» WORK TASK
Using the line that contains "The walk of" as the first line and the last line of the data as the final one, give every line in that range again exactly.
_ _ _ _ _
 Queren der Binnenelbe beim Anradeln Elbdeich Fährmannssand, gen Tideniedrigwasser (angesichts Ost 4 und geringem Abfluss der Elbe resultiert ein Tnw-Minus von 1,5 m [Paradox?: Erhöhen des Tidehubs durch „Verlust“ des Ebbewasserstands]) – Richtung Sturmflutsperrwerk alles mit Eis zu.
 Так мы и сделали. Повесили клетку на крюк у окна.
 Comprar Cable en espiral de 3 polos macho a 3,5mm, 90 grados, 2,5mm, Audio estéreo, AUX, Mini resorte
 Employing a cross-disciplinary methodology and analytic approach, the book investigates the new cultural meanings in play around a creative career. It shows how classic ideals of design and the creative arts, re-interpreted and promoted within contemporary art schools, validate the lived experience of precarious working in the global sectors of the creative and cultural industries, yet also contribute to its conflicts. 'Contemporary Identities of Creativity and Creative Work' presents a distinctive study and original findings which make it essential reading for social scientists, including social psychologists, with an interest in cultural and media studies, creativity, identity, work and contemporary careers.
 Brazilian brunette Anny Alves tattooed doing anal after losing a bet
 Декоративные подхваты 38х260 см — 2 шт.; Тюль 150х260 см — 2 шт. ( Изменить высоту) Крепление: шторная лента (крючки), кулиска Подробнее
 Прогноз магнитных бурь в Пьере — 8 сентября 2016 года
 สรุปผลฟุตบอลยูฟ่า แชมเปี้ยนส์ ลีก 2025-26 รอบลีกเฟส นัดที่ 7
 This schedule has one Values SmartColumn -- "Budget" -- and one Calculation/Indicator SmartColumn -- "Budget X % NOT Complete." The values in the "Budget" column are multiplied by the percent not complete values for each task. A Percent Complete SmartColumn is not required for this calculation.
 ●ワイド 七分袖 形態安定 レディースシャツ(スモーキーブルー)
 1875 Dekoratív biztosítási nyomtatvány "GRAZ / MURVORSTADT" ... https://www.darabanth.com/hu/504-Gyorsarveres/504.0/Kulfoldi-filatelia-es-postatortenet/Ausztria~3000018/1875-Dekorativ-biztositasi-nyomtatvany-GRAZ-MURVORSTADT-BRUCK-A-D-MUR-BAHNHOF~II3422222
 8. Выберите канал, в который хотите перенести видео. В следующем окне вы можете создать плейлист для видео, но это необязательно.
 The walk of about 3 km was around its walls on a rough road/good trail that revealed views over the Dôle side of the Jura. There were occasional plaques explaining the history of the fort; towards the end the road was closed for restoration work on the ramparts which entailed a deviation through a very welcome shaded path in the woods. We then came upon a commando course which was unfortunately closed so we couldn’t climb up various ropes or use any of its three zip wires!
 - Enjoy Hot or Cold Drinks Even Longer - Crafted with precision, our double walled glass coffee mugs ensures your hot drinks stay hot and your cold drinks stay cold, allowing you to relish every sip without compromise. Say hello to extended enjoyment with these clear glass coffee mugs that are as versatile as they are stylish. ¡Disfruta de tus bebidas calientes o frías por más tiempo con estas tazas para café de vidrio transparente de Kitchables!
_ _ _ _ _
» RESPONSE BELOW
 The walk of about 3 km was around its walls on a rough road/good trail that revealed views over the Dôle side of the Jura. There were occasional plaques explaining the history of the fort; towards the end the road was closed for restoration work on the ramparts which entailed a deviation through a very welcome shaded path in the woods. We then came upon a commando course which was unfortunately closed so we couldn’t climb up various ropes or use any of its three zip wires!
 - Enjoy Hot or Cold Drinks Even Longer - Crafted with precision, our double walled glass coffee mugs ensures your hot drinks stay hot and your cold drinks stay cold, allowing you to relish every sip without compromise. Say hello to extended enjoyment with these clear glass coffee mugs that are as versatile as they are stylish. ¡Disfruta de tus bebidas calientes o frías por más tiempo con estas tazas para café de vidrio transparente de Kitchables!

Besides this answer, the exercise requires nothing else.